Дальше – калейдоскоп. Впереди бежала бабушка, за ней я, поддерживая черепаху, плотно сомкнувшую свои челюсти на моей губе. А за мной бежали любопытные, веселящиеся, жестокие дети. Деревенский фельдшер сказал: “У черепах мертвая хватка”. Он заткнул моей любимой ноздри, и она разжала свой треугольный пассатижеподобный ротик, в котором мелькнул окровавленный розовый язычок.
Потом мне сделали укол от бешенства. Можете ли вы представить себе бешеную черепаху? А деревенский фельдшер мог.
На моей нижней губе долго еще белел треугольный след.
Спустя несколько месяцев Чита вдруг исчезла из городской квартиры. Тщетно ее искали все и везде. Через год, когда зачем-то отодвинули холодильник “ЗИЛ”, обнаружили уткнувшийся в угол панцирь с высохшей в нем Читой.
Вот такой получился смертельный уголок.
Попугай
Попугай залетал в мою жизнь через открытую форточку дважды. Первый раз он сменил покончившую с собой Читу. Я купил ему клетку и – по совету одного юнната – подругу. Ворковала пара недолго. Сначала я обнаружил труп одного, а через два дня и другого пернатого. Попугай был голубым, и, возможно, он нуждался в партнере своего пола. Но я об этом тогда ничего не знал.

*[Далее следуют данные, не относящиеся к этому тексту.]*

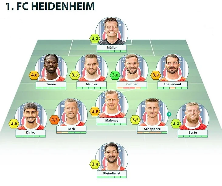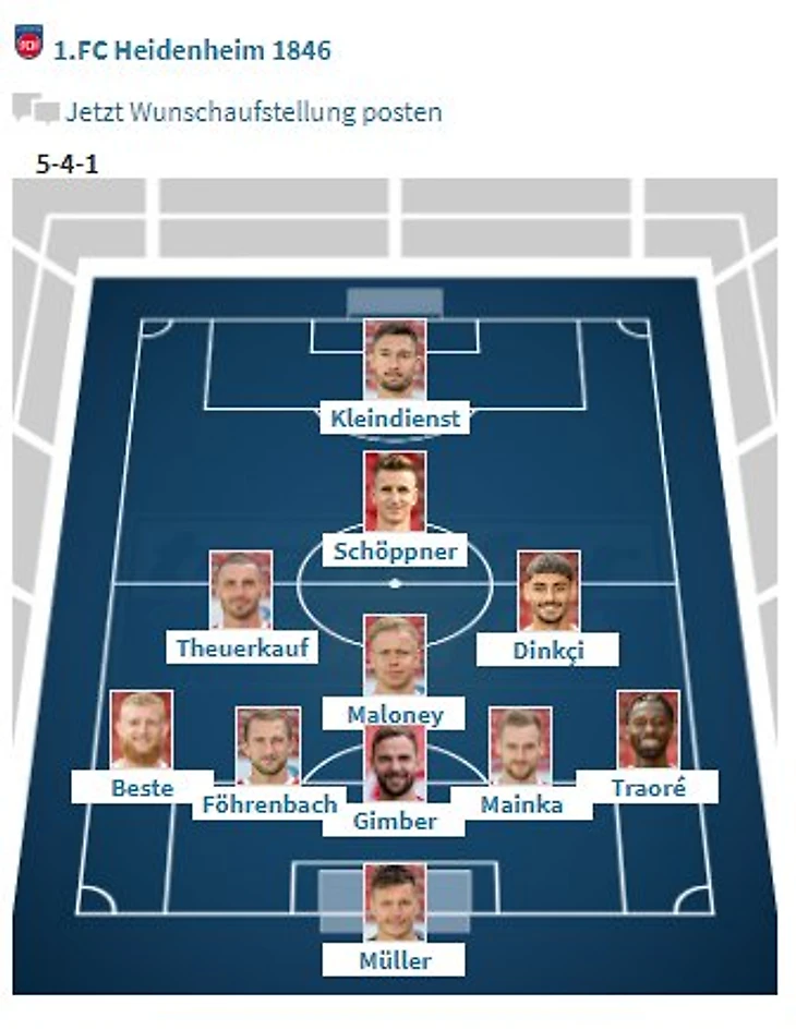 FCH: Müller - Traoré, Mainka, Gimber, Theuerkauf - Maloney - Beck, Schöppner - Dinkçi, Kleindienst, Beste
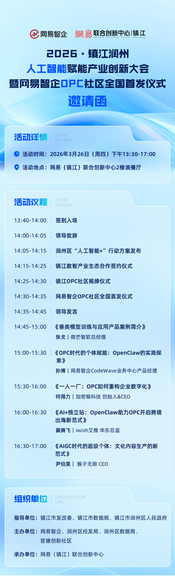 3月26日,由镇江市发改委、镇江市数据局、镇江市润州区人民政府指导,网易智企、润州区区经发局、润州区数据局、官塘创新社区联合主办,网易(镇江)联合创新中心承办的2026镇江润州人工智能赋能产业创新大会暨网易智企OPC社区发布仪式即将在镇江市润州区网易(镇江)联合创新中心盛大启幕。这是一场产业共振、生态共建的盛会,更是一次AI赋能、产业升级、个体崛起的启航!

Второй раз эта птица влетела в мой дом спустя десятилетие. Я тогда заканчивал работу над кандидатской диссертацией. “Благоприятные исходы на уровне практического выздоровления при юношеской одноприступной шизофрении” – так она называлась. Только что напечатанные и готовые к переплету главы диссертации были аккуратно разложены на моем столе. Когда я вошел в квартиру и подошел к своему рабочему месту, то остолбенел – машинописные страницы были уделаны птичьим пометом. Я поднял глаза вверх и увидел зеленый глазастый комочек на книжной полке. Маленький, а нагадил, как стая чаек. Попугай несколько секунд смотрел на меня, потом сделал круг почета по комнате и вылетел в открытую форточку.
“На кого работаете?” – хотелось его спросить. Но его и след простыл. Впрочем, след остался на моей диссертации.
Рыбки
Рыбки мне всегда нравились. Это подводные бабочки. А бабочек я особенно люблю.
Утром, после бурного празднования моего пятидесятилетия, я заканчивал просмотр сна с водной тематикой. Это понятно каждому, даже иногда выпивающему, гражданину.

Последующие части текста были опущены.